Ich will nur kurz sagen: Natürlich ist es so, dass gegenwärtig insbesondere im Nordosten unseres Landes die Wohnungen längerfristig leer stehen. Aber wir wissen auch, dass wir im Rhein-Main-Gebiet und in Südhessen nach wie vor einen Mangel an bezahlbarem Wohnraum haben. Wir wissen auch, dass sich die Bevölkerungsstruktur in den nächsten Jahren wandeln wird. Das heißt, wir brauchen viel mehr Wohnraum, weil die Leute auch als Singles vermehrt Wohnungen benötigen.

Meine Damen und Herren, im Übrigen darf ich sagen, dass die Anhörung erbracht hat, dass die Mehrheit der Experten damit rechnet, dass im Jahr 2010 deutlich mehr Regionen als heute unter Wohnungsknappheit leiden werden. Das müssen wir bei der Zukunftsprognose berücksichtigen. Knapp gesagt: Bezahlbarer Wohnraum wird nach wie vor knapp bleiben. Da die Einnahmen aus

der Fehlbelegungsabgabe häufig die einzigen Mittel sind, die die Kommunen gegenwärtig in den sozialen Wohnungsbau investieren können, bleibt die Fehlbelegungsabgabe schon aus diesem Grund für uns unverzichtbar. – Vielen Dank.

(Beifall bei dem BÜNDNIS 90/DIE GRÜNEN – Zurufe von der FDP)

Meine sehr geehrten Damen und Herren, es liegen keine Wortmeldungen mehr vor. – Doch, der Minister. Bitte schön, Herr Minister Dr. Rhiel.

Herr Präsident, meine Damen und Herren! Nachdem alles gesagt ist, möchte ich das, was ich sagen wollte, zu Protokoll geben. – Danke schön.

(Allgemeiner Beifall – siehe Anlage)

Vielen Dank, Herr Minister. – Zur Geschäftsordnung, bitte schön, Herr Kollege Kaufmann. Es fehlt noch ein Antrag, damit wir etwas machen können.
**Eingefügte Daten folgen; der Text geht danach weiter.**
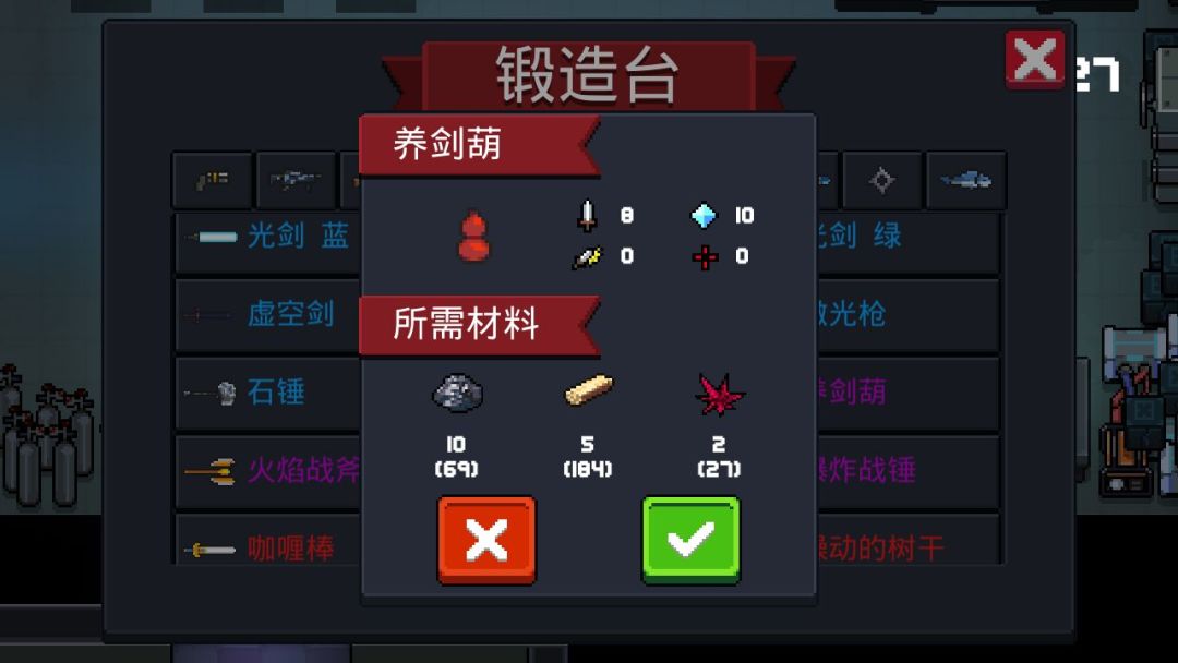 锻造材料:10铁矿,5木头,2红色魔法碎片

Herr Präsident, angesichts der Lage und der Äußerungen beantrage ich gemäß § 14 Abs. 1 der Geschäftsordnung, die Drucks. 16/3885 gleich in erster Lesung abzulehnen.

Danke für den Antrag, der hat nämlich noch gefehlt. In dem Fall muss man einen Antrag stellen.

Dann lasse ich zunächst zu Tagesordnungspunkt 7 über den Antrag des Kollegen Kaufmann abstimmen, mit dem die Beratung dieses Gesetzentwurfs beendet wäre. Wer dem Antrag des Kollegen Kaufmann zustimmt, den bitte ich um das Handzeichen. – Wer ist dagegen? – Sehen Sie, jeder hat hier eine Stimme. Wer enthält sich der Stimme? – Damit ist mit der Mehrheit des Hauses, mit den Stimmen aller Fraktionen außer der FDP-Fraktion, dieser Gesetzentwurf in erster Lesung abgelehnt worden und damit erledigt.

Ich komme zur Abstimmung über den Gesetzentwurf der CDU-Fraktion unter Tagesordnungspunkt 8 und frage Sie: Wer diesem Gesetzentwurf in der Fassung der Beschlussempfehlung des Ausschusses zustimmen möchte, den bitte ich um das Handzeichen. – Wer ist dagegen? – Wer enthält sich der Stimme? – Damit ist dieser Gesetzentwurf mit den Stimmen der Fraktionen der CDU, der SPD und BÜNDNIS 90/DIE GRÜNEN gegen die Fraktion der FDP angenommen und hiermit zum Gesetz erhoben.

Meine Damen und Herren, das war schon einmal gut.